There is a proof that shows that $f(x)=x^n$ is not uniformly continuous on $[0,\infty[$ in the following way:
Choose $\epsilon=1$. Set $y=x+\delta/2$. It follows that $|x-y|<\delta$ for all $x,y\in[0,\infty[$.
Now $|x^n+y^n|=|x^n-(x+\delta/2)^n|=(x+\delta/2)^n-x^n\ge(x+\delta/2)x^{n-1}-x=\frac{\delta}{2}x^{n-1}$.
Since I can choose any $x$ let's take $x=2/\delta^{n-1}$ and we have proven that $|x^n-y^n|\ge 1=\epsilon$ and therefore is not uniformly continuous.
I know now that if I choose an any interval, lets say $[0,1]$, then $f$ is uniformly continuous.

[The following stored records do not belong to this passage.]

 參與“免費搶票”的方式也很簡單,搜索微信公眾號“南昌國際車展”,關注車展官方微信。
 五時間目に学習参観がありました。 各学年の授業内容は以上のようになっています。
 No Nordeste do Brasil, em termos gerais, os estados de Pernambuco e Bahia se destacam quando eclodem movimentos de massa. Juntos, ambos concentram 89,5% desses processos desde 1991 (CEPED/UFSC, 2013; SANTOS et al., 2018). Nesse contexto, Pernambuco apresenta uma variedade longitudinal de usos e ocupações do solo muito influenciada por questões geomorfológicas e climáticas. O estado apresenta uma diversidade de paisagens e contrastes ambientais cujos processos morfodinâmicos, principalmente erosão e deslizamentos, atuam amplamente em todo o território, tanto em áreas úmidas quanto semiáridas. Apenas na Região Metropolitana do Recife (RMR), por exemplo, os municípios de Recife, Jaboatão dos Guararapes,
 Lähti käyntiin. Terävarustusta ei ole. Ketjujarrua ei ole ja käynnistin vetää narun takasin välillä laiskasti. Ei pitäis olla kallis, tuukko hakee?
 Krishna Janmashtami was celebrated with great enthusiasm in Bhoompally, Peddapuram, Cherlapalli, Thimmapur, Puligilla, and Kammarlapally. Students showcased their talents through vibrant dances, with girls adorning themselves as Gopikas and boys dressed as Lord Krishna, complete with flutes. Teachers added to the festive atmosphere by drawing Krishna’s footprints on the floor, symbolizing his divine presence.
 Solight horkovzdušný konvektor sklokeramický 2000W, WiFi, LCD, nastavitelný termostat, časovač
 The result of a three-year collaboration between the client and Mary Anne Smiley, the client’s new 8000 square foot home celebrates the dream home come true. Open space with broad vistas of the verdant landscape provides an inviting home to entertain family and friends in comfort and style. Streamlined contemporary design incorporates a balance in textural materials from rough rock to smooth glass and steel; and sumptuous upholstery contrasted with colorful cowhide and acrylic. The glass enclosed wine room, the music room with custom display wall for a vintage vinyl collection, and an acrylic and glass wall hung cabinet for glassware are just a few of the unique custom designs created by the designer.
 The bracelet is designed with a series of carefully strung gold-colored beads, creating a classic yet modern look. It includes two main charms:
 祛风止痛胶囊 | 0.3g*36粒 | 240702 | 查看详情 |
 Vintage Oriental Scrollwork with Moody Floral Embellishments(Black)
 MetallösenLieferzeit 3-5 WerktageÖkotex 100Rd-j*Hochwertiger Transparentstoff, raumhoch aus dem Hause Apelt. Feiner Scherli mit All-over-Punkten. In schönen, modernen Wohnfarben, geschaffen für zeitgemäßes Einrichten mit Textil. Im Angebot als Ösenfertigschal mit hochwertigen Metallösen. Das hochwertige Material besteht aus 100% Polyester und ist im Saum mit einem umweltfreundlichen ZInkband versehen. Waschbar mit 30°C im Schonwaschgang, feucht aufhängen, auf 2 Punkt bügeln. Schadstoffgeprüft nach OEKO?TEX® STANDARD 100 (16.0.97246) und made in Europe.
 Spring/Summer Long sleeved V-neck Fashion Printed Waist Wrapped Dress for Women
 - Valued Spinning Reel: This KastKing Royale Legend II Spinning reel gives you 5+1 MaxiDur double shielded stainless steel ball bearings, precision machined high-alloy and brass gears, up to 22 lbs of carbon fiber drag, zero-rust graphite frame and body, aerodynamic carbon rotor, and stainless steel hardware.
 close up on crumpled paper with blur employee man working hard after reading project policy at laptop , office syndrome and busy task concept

But I was asking myself if I would believe that $f$ is not uniformly cont. on that interval, why would the proof above would not work?
At the very ending, when I choose my $x$ value, I take not account all values of $\delta$, that since $|x|\le1$, I restrict $\delta$ to $\delta\ge2^{1/(n-1)}$ and therefore me trying to disproof uniform continuity on the interval is not sufficient since I have not proven it for ALL $\delta$.
Is this conclusion right, or am I completely lost, and if so, why wouldn't this proof work?